My second class was Civics and from the looks of it, all of the non-elective courses were centered in the main building.
‘313, 313,’ I chanted, taking the stairs two at a time. The place smelled like fresh paint, but I could see no evidence of it on the smoke-colored walls.
“313 doesn’t exist.” A girl put a hand on my shoulder.
“This schedule says 313.”
“Yeah, they’re stupid. 313 is actually 314 because the administration is too dumb to change it and the teachers are too backwoods not to be superstitious. So, according to the principal there is a 313, but according to the students and teachers, it’s 314.”
“Wow, okay. Thanks. I’m Saint, by the way.”
She canted her head at me in disbelief. “Well, you look like one. I’ll see you in class.”
I almost asked her name, but as we approached the top of the stairs, a burly guy with a Brazil soccer jersey on smothered her under his armpit as she giggled and said he was ‘so funny’.
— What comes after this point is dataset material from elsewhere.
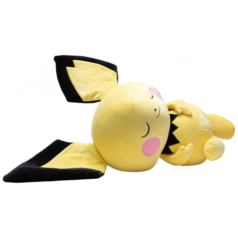 Pelúcia Pokémon Pichu Jazwares amarela deitada para dormir tamanho 46cm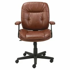 Whether you prefer to sit fully upright or to lean back and relax, the OIF Leather Swivel/Tilt Task Chair – Chestnut Brown is perfect for your needs. It’s tilt tension and tilt lock adjustments make it possible for you recline as much or as little as you desire. Chestnut brown genuine leather gives the chair a luxurious look and feel, and the back, seat, and arms are padded for added comfort. The rolling base frees you to move easily throughout your work space.

I didn’t understand girls for one minute.
Never had.
Then again, I didn’t have to—there was only one girl I had to understand.
I walked into the room that had been outfitted with American flags and pictures of the presidents hanging from the ceiling. They looked like more of a distraction than informational.
“You must be Mr. James.”
All Civics teachers looked like a version of Moby. Thin, with nerd glasses, and a smile. And they always wore neutral, natural colors.
I wondered if they all spun records at night.
Maybe it was just the ones I’d known.
I opened my mouth to respond when a gasp resounded from the back of the room. I couldn’t pinpoint the source, but after a hushed comment the class busted out in laughter.